▸ **Description of the task**: Retype the data exactly, skipping any picture in it.

▸ **Recorded data**:
BEGIN

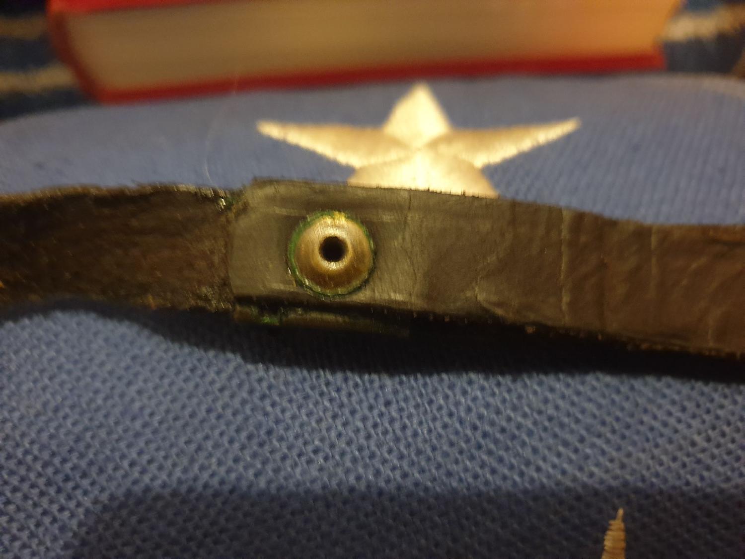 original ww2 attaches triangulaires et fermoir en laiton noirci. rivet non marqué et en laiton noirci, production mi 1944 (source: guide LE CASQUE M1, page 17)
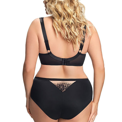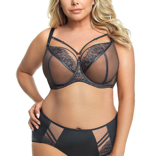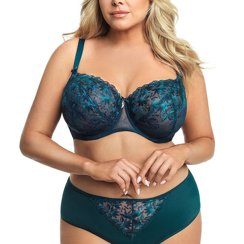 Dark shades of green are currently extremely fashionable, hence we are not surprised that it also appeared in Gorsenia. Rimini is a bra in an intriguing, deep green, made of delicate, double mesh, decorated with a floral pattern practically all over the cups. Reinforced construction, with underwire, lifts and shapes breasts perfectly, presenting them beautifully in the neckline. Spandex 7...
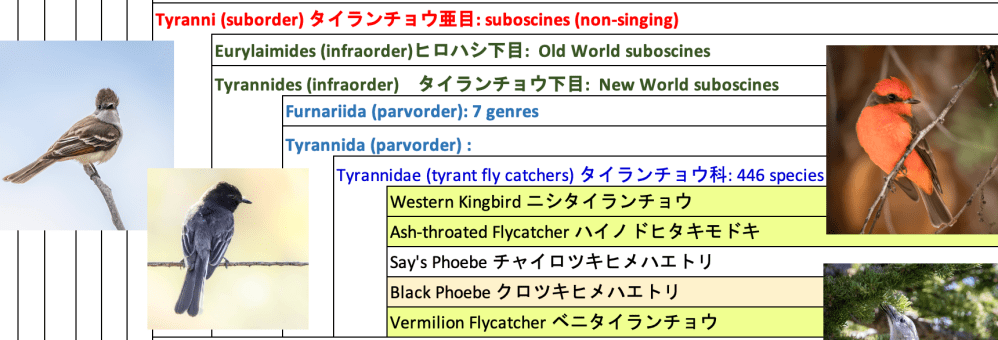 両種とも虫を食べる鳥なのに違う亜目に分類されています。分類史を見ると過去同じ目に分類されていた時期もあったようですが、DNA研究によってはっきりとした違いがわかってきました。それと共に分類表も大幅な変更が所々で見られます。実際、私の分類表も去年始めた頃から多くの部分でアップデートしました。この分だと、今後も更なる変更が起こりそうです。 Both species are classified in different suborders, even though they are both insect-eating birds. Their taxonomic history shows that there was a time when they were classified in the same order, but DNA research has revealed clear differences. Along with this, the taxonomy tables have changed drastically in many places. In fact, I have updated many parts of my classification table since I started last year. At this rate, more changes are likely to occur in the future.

END

▸ **Written reply**:
 original ww2 attaches triangulaires et fermoir en laiton noirci. rivet non marqué et en laiton noirci, production mi 1944 (source: guide LE CASQUE M1, page 17)
 Dark shades of green are currently extremely fashionable, hence we are not surprised that it also appeared in Gorsenia. Rimini is a bra in an intriguing, deep green, made of delicate, double mesh, decorated with a floral pattern practically all over the cups. Reinforced construction, with underwire, lifts and shapes breasts perfectly, presenting them beautifully in the neckline. Spandex 7...
 両種とも虫を食べる鳥なのに違う亜目に分類されています。分類史を見ると過去同じ目に分類されていた時期もあったようですが、DNA研究によってはっきりとした違いがわかってきました。それと共に分類表も大幅な変更が所々で見られます。実際、私の分類表も去年始めた頃から多くの部分でアップデートしました。この分だと、今後も更なる変更が起こりそうです。 Both species are classified in different suborders, even though they are both insect-eating birds. Their taxonomic history shows that there was a time when they were classified in the same order, but DNA research has revealed clear differences. Along with this, the taxonomy tables have changed drastically in many places. In fact, I have updated many parts of my classification table since I started last year. At this rate, more changes are likely to occur in the future.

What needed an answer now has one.